303’s TOP 12 MOMENTS OF 2012: #4 – Lockout may have killed Nashville’s momentum
- Updated: January 1, 2013
#4: NHL lockout may have killed Nashville’s momentum
There are two major professional sports teams in Nashville, Tennessee. And one of them, the perennial fan favorite, was terrible.
The Tennessee Titans recently closed out their abysmal NFL season 6-10. Things were so awful, they lost to a horrendous Jacksonville Jaguars team in a week 12 game that was critical for their playoff hopes, their owner Bud Adams called them out in the media, they hosted one of the worst Monday Night Football games of all-time and they allowed both Chicago and Green Bay to hang 50+ points on them. And to top it all off, they weren’t even bad enough to get a top five pick come April’s NFL Draft (they’ll pick 10th).
It’s times like these sports fans yearn for a local team to get behind.
That could have been the Nashville Predators.
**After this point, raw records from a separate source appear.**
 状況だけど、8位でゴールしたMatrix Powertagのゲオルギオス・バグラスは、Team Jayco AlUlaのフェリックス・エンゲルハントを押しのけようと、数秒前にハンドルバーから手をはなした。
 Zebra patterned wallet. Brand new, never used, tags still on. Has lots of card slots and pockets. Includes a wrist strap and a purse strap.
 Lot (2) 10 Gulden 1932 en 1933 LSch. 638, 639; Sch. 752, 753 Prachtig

Music City is an emerging hockey town. They have one of the best (some would argue the best) goaltenders in the National Hockey League in Pekka Rinne, they have one of the best (some would argue the best) defenseman in the National Hockey League in Shea Weber, they are the only team to make it to the Western Conference Semifinals in each of the past two seasons, their roster boasts up-and-coming young players who have the potential to eventually be all-stars (Ryan Ellis, Roman Josi, Colin Wilson and Craig Smith), they had finally slayed the dragon by knocking their arch-rival, the Detroit Red Wings, out of the playoffs in just five games this past April and the team had a club record 25 sellout’s last year. All the Predators had to do now was become part of the everyday vernacular down here in football country. What’s one way to do that? Win while others are losing.
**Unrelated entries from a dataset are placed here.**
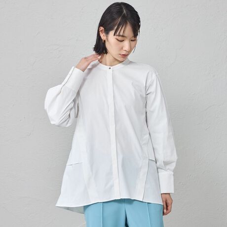 他にはないデザインと、一枚でこなれた印象を引き立てるブラウス。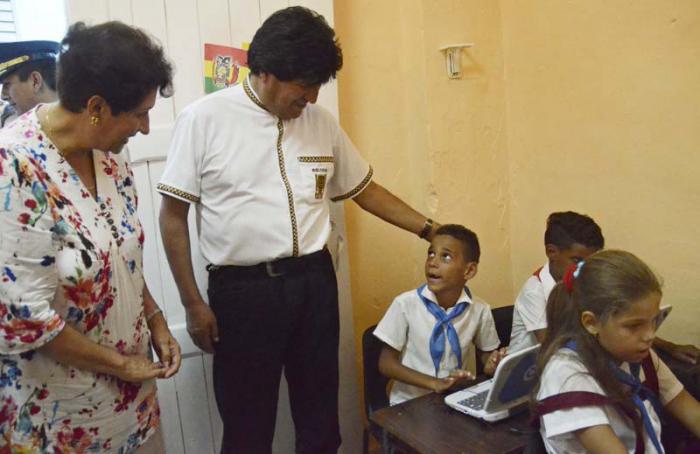Depois do encontro, Morales participou em uma doação de 50 computadores portáteis e material educativo para a escola de ensino primário Estado Plurinacional da Bolívia, situada no município de Centro Habana, na capital. Segundo o chefe de Estado, esta é a primeira instituição educativa no mundo que leva o nome da nação sul-americana.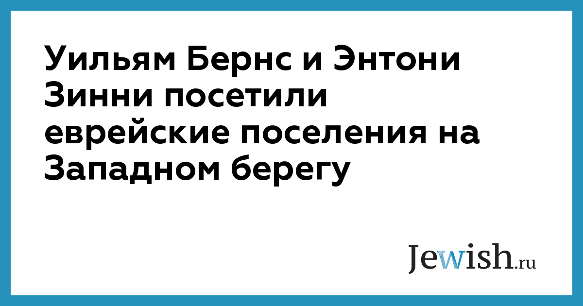 Уильям Бернс и Энтони Зинни посетили еврейские поселения на Западном берегу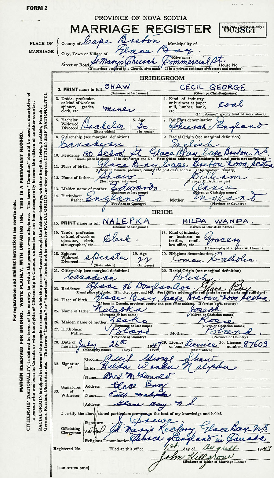 28. Date of marriage July 26 1947 29. By license or banns License 30. License number 87603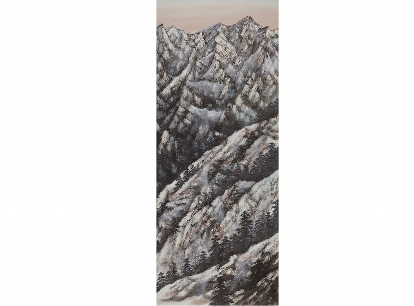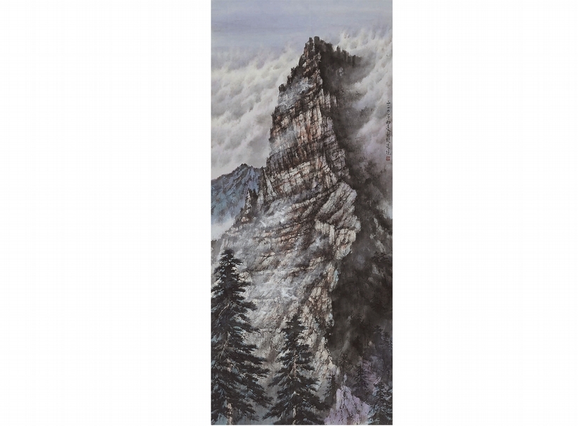 周錫珽2014年作〈大霸尖山〉,213×91公分。圖︱周錫珽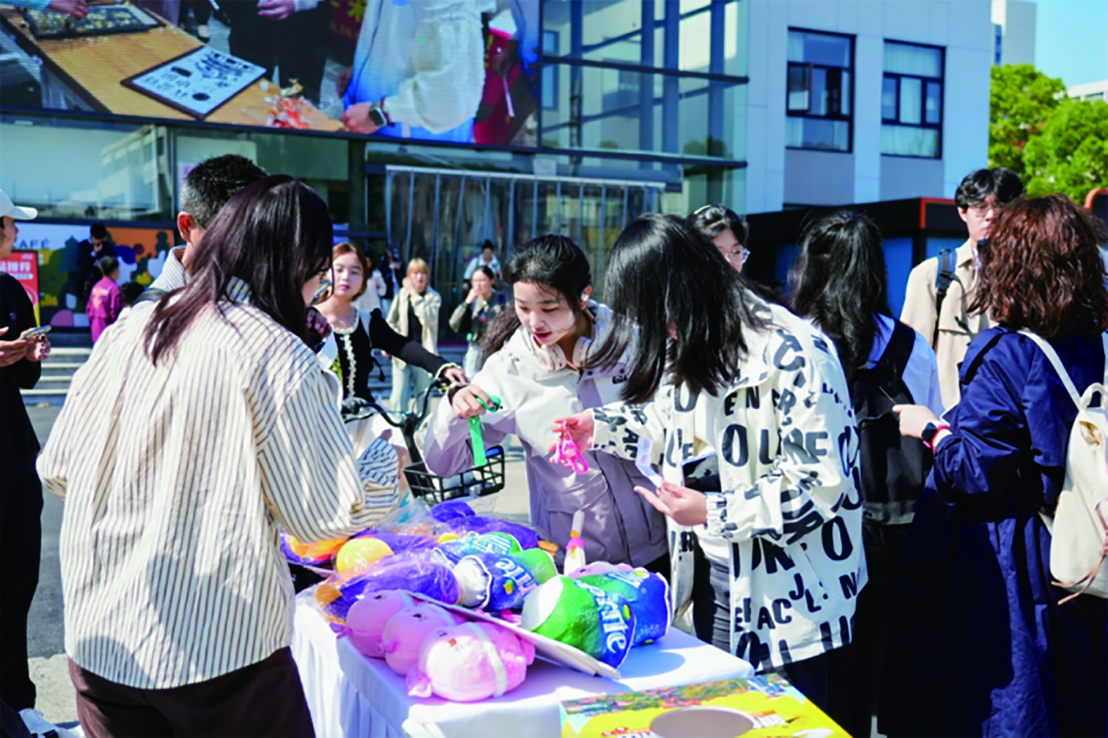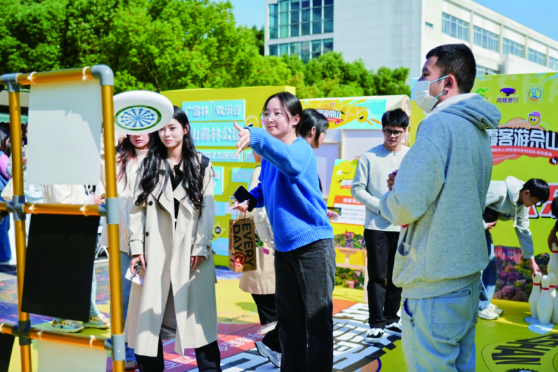 户外游戏区成为了路演的亮点之一,飞盘游戏和保龄球游戏激发了学生们的参与热情,大家纷纷排队挑战。在飞盘游戏中,同学们手持飞盘,瞄准目标,奋力一掷,每当成功击中目标,都会引来欢呼和掌声。保龄球游戏区同样受到欢迎,大家在指定距离处,用尽全力将保龄球掷出,每当看到球瓶应声倒下,不少学生露出“成就感”满满的笑容。集章抽奖环节更是将现场气氛推向了高潮,大家兴奋地展示自己的集章卡,期待着能够抽取到佘山国家旅游度假区的文创产品。

But the lockout on September 15, 2012 prevented all that. The league has, as of now, cancelled games through January 14, 2013. It’s rumored that, if a deal between the NHL and the NHLPA isn’t struck before that date, the season will be cancelled all together, giving hockey fans their second season cancellation in eight years.
A terrible way to grow the game in a non-traditional hockey market, don’t you think?